第55話 事務所

 俺は舐めていた。

 女性の体がこれほど柔らかく、熱いものだとは知らなかった。


 俺は甘かった。

 娼館のナンバーワンのテクニックが、これほどの悦楽をもたらすものとは思ってもいなかった。


 娼館『黒鳥』のナンバーワン、ファニタとの交情は、それほど衝撃的かつ享楽的であり……ぶっちゃけ、すんげぇ気持ち良かった。

 はぁ……リュシーと付き合うのは再考しようかなぁ……。


 だって、挟まれたり包まれたり……おっと、育てれば良いんだったか。

 とは言え、いつまでも余韻に浸っている場合ではない。


 これでも掃除の依頼に来ているんだから、キッチリ仕事は終わらせないと……うぉぉ、腰が……。


「なぁに? まさか仕事する気なの?」

「あぁ、そのまさかだよ」

「真面目だねぇ……また来ますって帰っちまえばいいのに」


 本音を言えば、また来ますどころか、生まれたままの姿で隣に横たわっているファニタに、もう一度と覆い被さりたいぐらいだ。

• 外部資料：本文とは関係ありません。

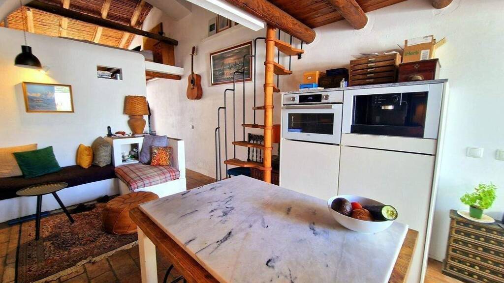 Im Inneren erwartet Sie ein einzigartiges und elegantes Dekor, das sofort eine entspannende und originelle Atmosphäre schafft. Das Haus verfügt derzeit über ein Wohnzimmer, eine Küche, ein Schlafzimmer und ein Badezimmer. Ein cleveres Design-Detail: In den Bereichen von Wohnzimmer und Küche wurde ein Mezzanin (Zwischengeschoss) mit einem Bett eingerichtet, das zusätzlichen flexiblen Raum für Familie und Freunde bietet. Der private und wunderschön gestaltete Innenhof verfügt über eine gut genutzte und dekorierte Terrasse. Dies ist der ideale Rückzugsort für Freizeit, zum Lesen oder um Mahlzeiten zu genießen, während man das wundervolle Ambiente der Umgebung aufsaugt.

「まぁ、そうもいかないんだよ。てか、次があるかどうかも分からないしな」

「そんなに話が拗れてんの?」

「俺は余所者だからな」

「あぁ、純血主義ってやつ? くだらないねぇ」

「言っちゃって大丈夫なの?」

「別に構わないさ、うちの嬢はみんな言ってるよ。というか、あたしの肌の色を見てみなよ、外の血が入ってるのは明らかだろう。それを純血だなんて、馬鹿馬鹿しいの一言さ」


 確かにファニタの褐色の肌は、フェーブル以外にルーツを持つ何よりの証だ。


「そもそも、フェーブルは交易によって栄えてきた街なんだよ。外から人が来なければ、こんなに栄えていやしないのに、外から来た人間を差別するなんて間違ってるだろう」

「確かに、その通りだな。プーロの連中以外は、むしろ外から来る人に親切だもんな」

「だろう? 外から来る腕のたつ男は大歓迎さ……んっ」


 ファニタは俺の頭を両腕で抱え込み、唇を重ねて柔らかな肢体を押し付けてくる。

 もう精魂尽き果てたと思っていたのに、反応してしまうのは男のサガというものだろう。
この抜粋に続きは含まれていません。